The results of almost every booth poll show that the BJP-led NDA is going to form the government at the Center for the third time with more than 350 seats. But the Boothferat survey is not the final result. The Election Commission of India will announce the final result. Today, Tuesday, all eyes will be on the Election Commission.

This election has been called the ‘biggest’ election in world history due to the turnout. In India’s 18th Lok Sabha elections, the number of voters this time was 97 crore. Which is 12 percent of the total population of the world. Before this there were so many voters in any election in the world. Votes of a large number of voters are counted as follows:

For the past many years in India, Lok Sabha elections have been conducted at all centers through electronic voting machines or EVMs, this time too is no exception. However, government employees or army personnel employed outside their center can vote through postal ballot.

A few years ago, the Election Commission started the system of going to the houses of the elderly citizens to vote them sitting there, so that they do not have to bother coming to the polling booth. And all of these are paper ballots, that is, paper ballots.

Counting of votes at any counting center begins by first counting these postal and paper ballots. It may take half an hour to an hour depending on the center.

As a result, the counting of votes started from eight in the morning, but the counting of EVMs started at around nine in most of the centres.

After each round of voting, the EVMs are locked and kept in the strongrooms of various parliamentary centers under tight security. On the morning of the counting day, the EVMs will be taken out of the strongroom and brought to the counting center and its seals will be broken in front of the representatives of all the participating political parties or candidates.

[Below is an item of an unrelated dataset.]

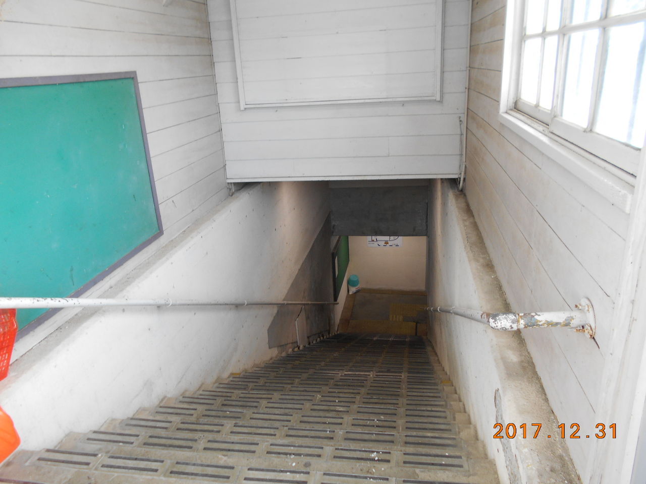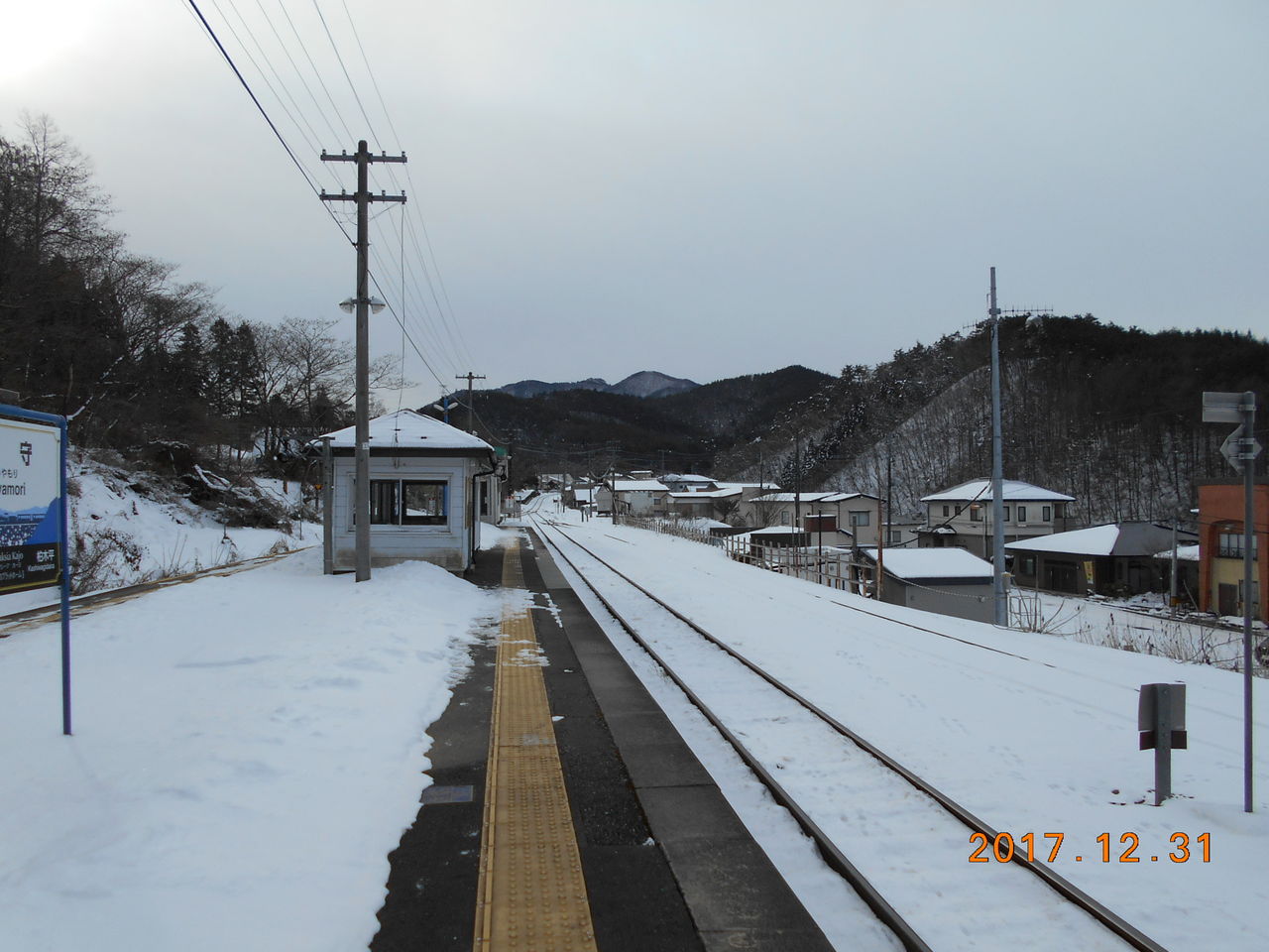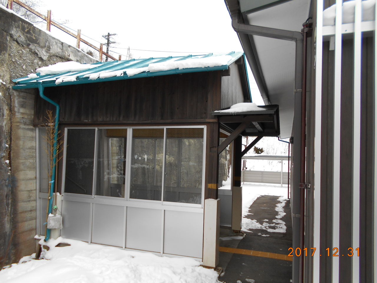 ホームは築堤上にあり、駅舎がある地上とは地下道っぽい階段を通ります。階段だけだと降雪時にとても辛いのでホームの階段上に木造の建物を被せています。

The ‘control unit’ of each EVM should be thoroughly checked whether it is well sealed, working properly or not – before the counting starts and the counting process should start with the consent of the representatives of all the parties.

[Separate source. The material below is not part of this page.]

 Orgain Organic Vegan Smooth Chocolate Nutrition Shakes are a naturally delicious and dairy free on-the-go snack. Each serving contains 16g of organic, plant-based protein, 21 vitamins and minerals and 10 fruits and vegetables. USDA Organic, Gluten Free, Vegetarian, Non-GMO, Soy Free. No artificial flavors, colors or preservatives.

Counting Supervisors and Counting Assistants – who are appointed by the Returning Officer of that Parliamentary Constituency – conduct the counting process at each centre.

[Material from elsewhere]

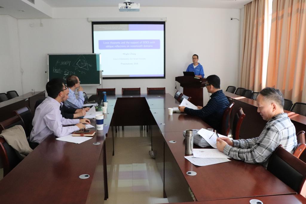 张明波博士报告主题为“非光滑区域上的斜反射随机微分方程的极限定理和支撑”,研究了两类区域条件下的斜反射随机微分方程解可由一类常微分方程的解来逼近,并讨论方程解的支撑问题。
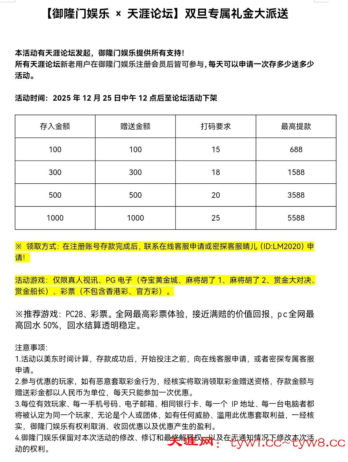 【御隆门娱乐 × 天涯论坛】双旦专属礼金大派送历史回馈58赞助100份好运彩

The control unit of the EVM keeps showing the votes obtained by each candidate one by one.

After 14 EVMs are counted consecutively in one round, the result of one round is declared and then after the counting of 14 more EVMs is completed, the result of the next round is declared. Thus, when all the EVMs are counted, the returning officer of that center declares the final result and hands over the winner’s certificate to the candidate who got the most votes on behalf of the Election Commission.

Despite the Commission’s best efforts to keep the counting process free of controversy, it has been seen that the EVMs have been mired in controversy in almost every election in India.

In many cases, the losing party alleges that EVMs can and have been tampered with – although the Supreme Court of India has not ordered a ban on the use of EVMs till date.